On the angry post-rejection e-mail

by Adam Reger

I’ve never done it. Roxane Gay, editor of PANK, makes me glad I’ve resisted. Great piece that helps to put things in perspective. I’m simultaneously surprised to hear so many writers do this, and also not at all surprised. I recently strongly considered writing back to a journal, “Are you sure?” But that came more from a spirit of joking and wanting to see what, if anything, the editor would say, than from anger. Tucked within the piece is a lot of great, necessary advice for writers on how to deal with rejection. At one point, Gay cites her own rejection rate in Duotrope as being up around 78%. She makes her own point about it, but my first reaction was something like jealousy: surely mine is somewhere in the nineties. Point being, you’re succeeding as a writer if only eight out of ten submissions are rejected. As Gay notes, that’s just the nature of the game. The sooner you acclimate yourself to that, and make rejection the expected outcome of submitting, the better off you will be.

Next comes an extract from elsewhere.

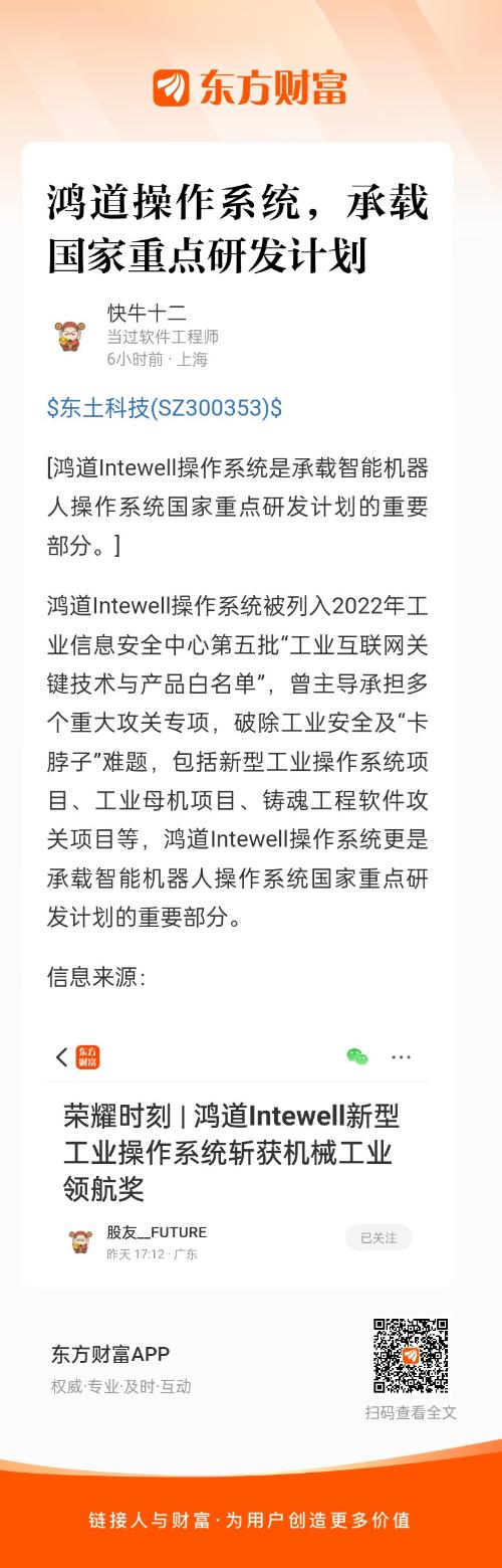 $创业板指(SZ399006)$美国智库认为,美国今年应安排500亿美元优先投资机器人操作系统。而中国,国家早已安排重点研发计划,东土科技鸿道操作系统,圆满实现了这一计划,这就是鸿道具身智能机器人操作系统(今年5月29日国家正式发布)

Update: Probably could have seen this coming, but the comments section under the above-referenced blog post has turned into something of a shit show, as they say. The person whose angry post-rejection e-mail to Roxane inspired the post has stepped forward in comments—though not really, as he’s writing under the name “Donny”—to reiterate his points. Which as you might guess, are pretty insipid. Read it if you like car wrecks and that sort of thing. I haven’t seen the comparison show up yet in the comments section, but the whole thing reminds me of this authorial flip-out, which I pontificated on here.